三角縁神獣鏡についてですが、祖先崇拝の中国人が神々を刻むのは面白いと思いました。この頃には祖先崇拝はなかったのでしょうか? / 東王父や西王母について、銅鏡にその姿や名前が刻まれていますが、日本でもこれらの神を信仰していたのでしょうか。

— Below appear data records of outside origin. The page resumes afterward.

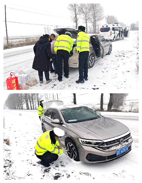 寒風(fēng)凜冽,大雪紛飛,你們卻起早貪黑,從未有過(guò)絲毫懈怠。每一個(gè)清晨,當(dāng)人們還在溫暖的被窩中時(shí),你們已奔赴道路,指揮交通;每一個(gè)深夜,在萬(wàn)家燈火映照下,你們的身影仍在街頭佇立。為了讓返鄉(xiāng)出行的人們安全回家過(guò)年,你們?nèi)檐?chē)輛保駕護(hù)航。遇到受困的車(chē)輛與人員,你們毫不猶豫地伸出援手,推車(chē)、除雪、提供應(yīng)急物資,用真誠(chéng)與過(guò)硬作風(fēng),書(shū)寫(xiě)著警民和諧的動(dòng)人篇章。
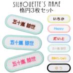 全品10%off/シルエット名札 楕円 3枚セット アイロン 名前シール ひらがな 漢字 ローマ字 刺繍 入園 入学 体操服
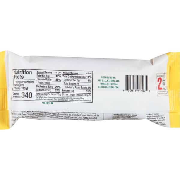 Not all plant-based protein is created equal, but Red’s plant-based sausage has a rich, satisfying taste and texture that even the biggest meat lovers will devour. This frozen breakfast burrito packs a flavorful punch, with smoky plant-based sausage, plus fluffy eggs and a blend of white cheddar, pepper jack and mozzarella cheese. The perfect meatless option for flexitarians who still crave real eggs, real cheese — and real variety. Red’s makes it easy and convenient for you to fuel your day with delicious, clean label food that helps you keep moving.
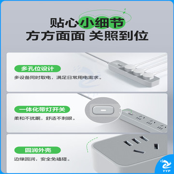 公牛(BULL)新国标插座/插线板/插排/排插/接线板/拖线板 Z世代 3位总控全长1.8米 GN-Z1031J
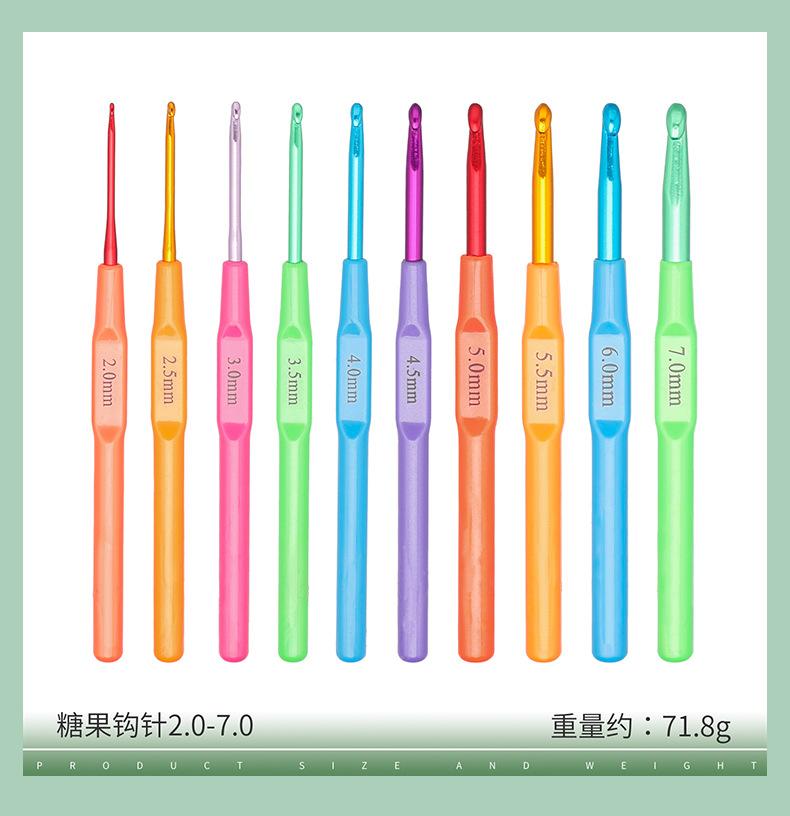 2.0mm candy color crochet hook, 2.5mm candy color crochet hook, 3.0mm candy color crochet hook, 3.5mm candy co...

中国にも、祖先と並んで本当に多様な神々が存在します。祖先信仰だけがある、というわけではありません。儒教、仏教、道教、そして在来の宗教、少数民族民族宗教などなど、宗教文化だけでも非常に多様で複雑な世界が広がっているためです。それらが対立/交渉をして棲み分けの方法を発見してきたのが、いわば東アジアのシンクレティズムの基底であり、以前にお話ししたように、かつて日本固有と考えられていた神仏習合も、中国の東晋の時期に言説・論理として開発されたものなのです。仏教や道教、そして儒教にかかわらず、中国や朝鮮半島の神々が列島へ伝来し、神社を伴い定着する事例は幾つかみられます。七福神などは複数の宗教にまたがっていますが、マイナーなところでは、近畿に多くみられる兵主神新羅明神摩多羅神などの特異な神々。天日槍などは、新羅の王子として『書紀』『播磨国風土記』にも登場します。よって、銅鏡に記された東王父西王母も信仰されていた可能性はありますが、銘文や祭祀方法も含めてそれを立証する痕跡はなく、世界観として知ってはいたけれども信仰には結びついていないと考えた方がよさそうです。